Frequently Asked Questions

General CT and MRI Issues

What are the patient weight and girth limits for different types of scanners?
What are the indications for cervical spine CT in the setting of trauma?
What is the recommended imaging study for evaluation of pulmonary embolus in pregnant patients?
How do you decide if a patient is a suitable candidate for CT angiography examinations? See chart here

What are the patient weight and girth limits for different types of scanners?

Hospital CT Scanner MR Scanner PET-CT Scanner Gamma Camera Fluroscopy Table Interventional Radiology
Central Peninsula General Hospital
425 lb, 70 cm bore
400 lb, 60 cm bore
NA
400 lb
330 lb
NA
Island Hospital
440 lb, 70 cm bore
440 lb, 60 cm bore
NA
350 lb
500 lb
400 lb
Skagit Valley Hospital
450 lb, 70 cm bore
440 lb, 60 cm bore
450 lb, 70 cm bore
400 lb
350 lb
440 lb
United General Hospital
450 lb, 70 cm bore
440 lb, 60 cm bore
400 lb, 70 cm bore
450 lb
350 lb
NA

What are the indications for cervical spine CT in the setting of trauma?
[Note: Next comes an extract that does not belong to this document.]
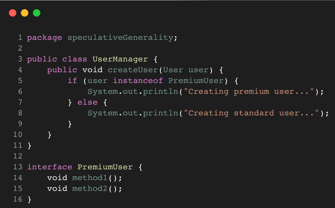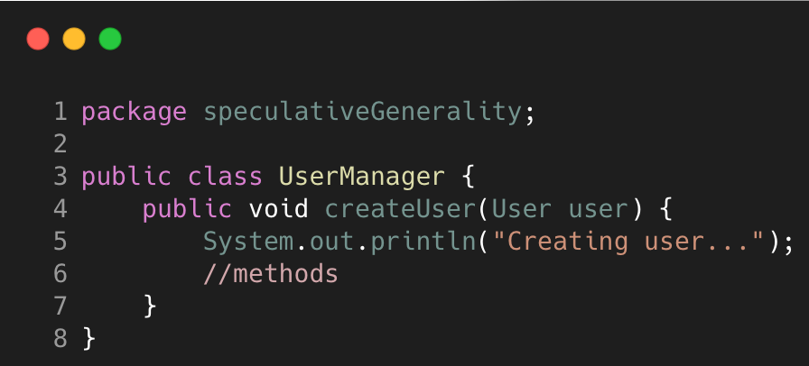 Speculative Generality terjadi ketika terdapat variable, parameter, field, method, atau class yang dibuat bertujuan untuk persiapan jika akan dibutuhkan di masa depan. Hal ini terjadi karena programmer berspekulasi bahwa bagian tersebut akan digunakan tetapi ternyata saat code dijalankan setelah beberapa lama, bagian tersebut tidak dibutuhkan. Speculative Generality dapat ditangani dengan mengahpus variable, parameter, field, method, atau class yang memang tidak diperlukan.
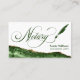 Una moderna y elegante tarjeta de visita con el logotipo notarial con tipografía caligráfica y plumilla de plumas con fondo de ágata verde esmeralda. Ideal para notarios, profesionales, abogados, prestamistas, agentes hipotecarios......

The following clinical predictors of injury are appropriate criteria to evaluate patients with CT, rather than radiography.

Injury mechanisms:
• High-speed motor vehicle accident: >35 mph combined
• Motor vehicle accident with death at scene
• Fall of >10 feet

Clinical evaluation:
• Known closed head injury
• Pelvic or multiple extremity fractures
• Neurologic symptoms on physical exam
• Cervical spine radiculopathy on physical exam

What is the recommended imaging study for evaluation of pulmonary embolus in pregnant patients?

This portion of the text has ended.